= Exercise brief =
Only those lines in the data below from the line containing "Case is made" through the line containing "The Air Jordan", both included, should be restated word for word.

*** Input ***

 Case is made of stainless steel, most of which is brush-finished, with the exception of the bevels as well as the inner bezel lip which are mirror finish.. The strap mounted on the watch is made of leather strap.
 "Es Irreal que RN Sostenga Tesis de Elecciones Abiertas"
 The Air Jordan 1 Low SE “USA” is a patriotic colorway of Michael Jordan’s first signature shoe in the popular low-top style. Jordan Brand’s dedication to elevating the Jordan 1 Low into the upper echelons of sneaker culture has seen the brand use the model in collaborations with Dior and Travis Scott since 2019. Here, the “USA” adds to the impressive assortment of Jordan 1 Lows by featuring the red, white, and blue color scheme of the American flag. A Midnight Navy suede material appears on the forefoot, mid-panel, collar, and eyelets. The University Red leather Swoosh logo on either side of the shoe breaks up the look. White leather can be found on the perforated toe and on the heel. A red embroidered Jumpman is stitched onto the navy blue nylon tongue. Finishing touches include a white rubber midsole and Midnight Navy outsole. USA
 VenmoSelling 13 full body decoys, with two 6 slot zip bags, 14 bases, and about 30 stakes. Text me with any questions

*** End of Input ***
*** Input ***

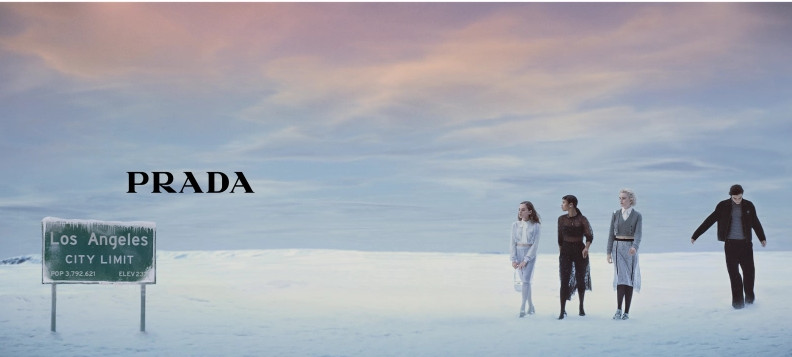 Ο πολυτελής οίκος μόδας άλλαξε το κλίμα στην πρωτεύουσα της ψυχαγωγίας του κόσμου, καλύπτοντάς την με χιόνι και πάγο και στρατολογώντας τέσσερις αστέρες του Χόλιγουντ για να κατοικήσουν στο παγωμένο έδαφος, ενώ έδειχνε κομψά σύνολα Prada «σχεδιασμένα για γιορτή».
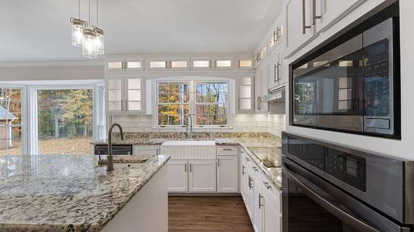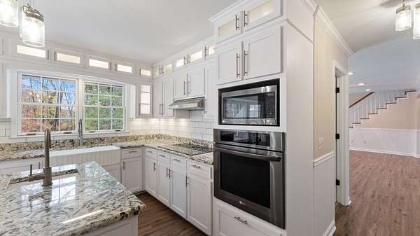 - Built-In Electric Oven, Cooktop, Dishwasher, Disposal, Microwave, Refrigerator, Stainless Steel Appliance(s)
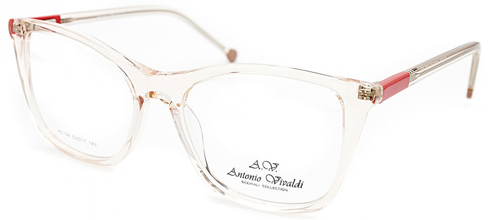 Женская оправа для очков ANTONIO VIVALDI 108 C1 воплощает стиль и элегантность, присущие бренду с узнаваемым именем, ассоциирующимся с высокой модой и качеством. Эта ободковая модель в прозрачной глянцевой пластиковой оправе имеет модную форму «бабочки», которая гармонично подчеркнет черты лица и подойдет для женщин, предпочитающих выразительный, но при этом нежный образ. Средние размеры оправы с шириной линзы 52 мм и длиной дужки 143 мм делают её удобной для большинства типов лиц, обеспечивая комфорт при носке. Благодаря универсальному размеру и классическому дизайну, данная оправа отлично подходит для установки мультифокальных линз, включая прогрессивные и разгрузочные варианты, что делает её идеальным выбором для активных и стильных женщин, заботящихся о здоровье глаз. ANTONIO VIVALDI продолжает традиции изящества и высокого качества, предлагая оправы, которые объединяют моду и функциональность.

*** End of Input ***

= Written solution =
 Case is made of stainless steel, most of which is brush-finished, with the exception of the bevels as well as the inner bezel lip which are mirror finish.. The strap mounted on the watch is made of leather strap.
 "Es Irreal que RN Sostenga Tesis de Elecciones Abiertas"
 The Air Jordan 1 Low SE “USA” is a patriotic colorway of Michael Jordan’s first signature shoe in the popular low-top style. Jordan Brand’s dedication to elevating the Jordan 1 Low into the upper echelons of sneaker culture has seen the brand use the model in collaborations with Dior and Travis Scott since 2019. Here, the “USA” adds to the impressive assortment of Jordan 1 Lows by featuring the red, white, and blue color scheme of the American flag. A Midnight Navy suede material appears on the forefoot, mid-panel, collar, and eyelets. The University Red leather Swoosh logo on either side of the shoe breaks up the look. White leather can be found on the perforated toe and on the heel. A red embroidered Jumpman is stitched onto the navy blue nylon tongue. Finishing touches include a white rubber midsole and Midnight Navy outsole. USA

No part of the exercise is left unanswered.